Ohio Biology EOC B.C (Cells): a complete overview of cell theory, cell types, organelles, the membrane, the cell cycle, photosynthesis, and cellular respiration
A deep-dive guide to the Cells strand (B.C) on Ohio's Biology EOC: cell theory and its history, prokaryotic versus eukaryotic cells, the organelles as structure-and-function pairs, the membrane and transport, the cell cycle and cancer, photosynthesis, and cellular respiration, with the item types the EOC uses.
Reviewed by: AI editorial process; not yet individually human-reviewed
Jump to a section
What the Cells strand demands
Cells (B.C) is one of the four Biology strands on Ohio's EOC, and it is a large share of the test. This guide covers it end to end: what a cell is, the parts inside it, how things cross the membrane, how cells divide, and the two energy processes that sustain life. The recurring crosscutting concept is structure and function: nearly every item rewards connecting the shape or contents of a structure to the job it does. The four content statements are B.C.1 (cell division and differentiation for growth, maintenance, and repair), B.C.2 (cells carry on functions that sustain life), B.C.3 (each cell structure corresponds to its function), and B.C.4 (the organization of cells, tissues, organs, organ systems, and the whole organism).
This guide ties together the matching topic pages, each with its own practice questions: cell theory and the types of cells, cell structure and organelles, the cell membrane and transport, the cell cycle and mitosis, photosynthesis, and cellular respiration.
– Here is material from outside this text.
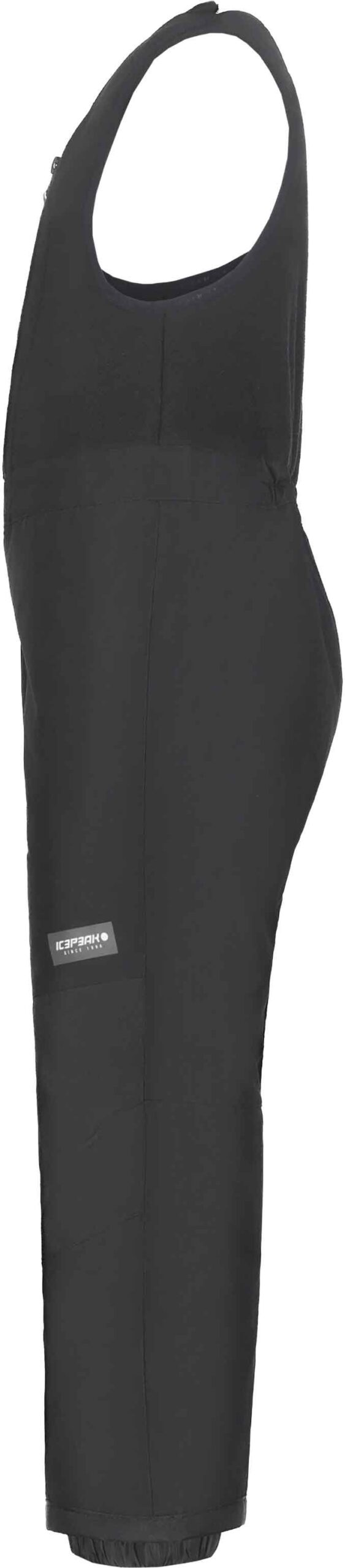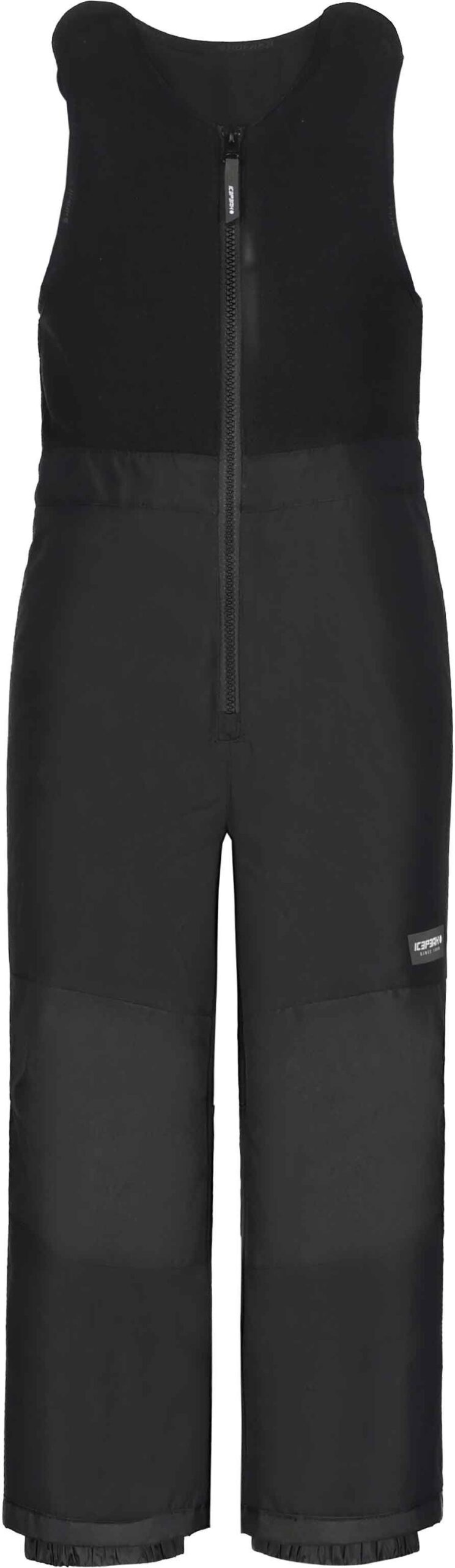 Salopette de ski Icepeak Jiazi Black pour enfant, imperméable, respirante et chauffante avec technologie A.W.S Extreme, taille haute ajustable, guêtres pare-neige et renforts aux jambes.

Cell theory and how we know it
Cell theory has three parts: all living things are made of one or more cells; the cell is the basic unit of structure and function; and all cells come from pre-existing cells. It was built over more than 150 years (Hooke named cells, Leeuwenhoek saw living single-celled organisms, Schleiden and Schwann generalized to plants and animals, Virchow added that cells come from cells) as the microscope improved. The EOC uses this history to teach the nature of science: a theory is a well-supported explanation that gets refined as new evidence and tools appear, not a guess.
Two kinds of cell
All cells share a membrane, cytoplasm, ribosomes, and DNA. The split is between prokaryotes (bacteria, archaea), which have no nucleus and no membrane-bound organelles, and eukaryotes (plants, animals, fungi, protists), which have a true nucleus and organelles and are larger. The advantage of the eukaryotic design is compartmentalisation: membranes wall off reactions so the cell can run many at once. Among eukaryotes, plant cells add a cell wall, chloroplasts, and a large central vacuole that animal cells lack.
The organelles
Each organelle is a worked example of structure fitting function (B.C.3). The nucleus stores DNA and directs the cell; ribosomes build proteins; the rough ER folds and transports proteins while the smooth ER makes lipids; the Golgi apparatus modifies and packages them into vesicles; mitochondria release energy by respiration; chloroplasts (plants) carry out photosynthesis; lysosomes digest waste; and the cell membrane controls transport. When an item shows a striking feature (many mitochondria, abundant rough ER), the answer connects that structure to a function.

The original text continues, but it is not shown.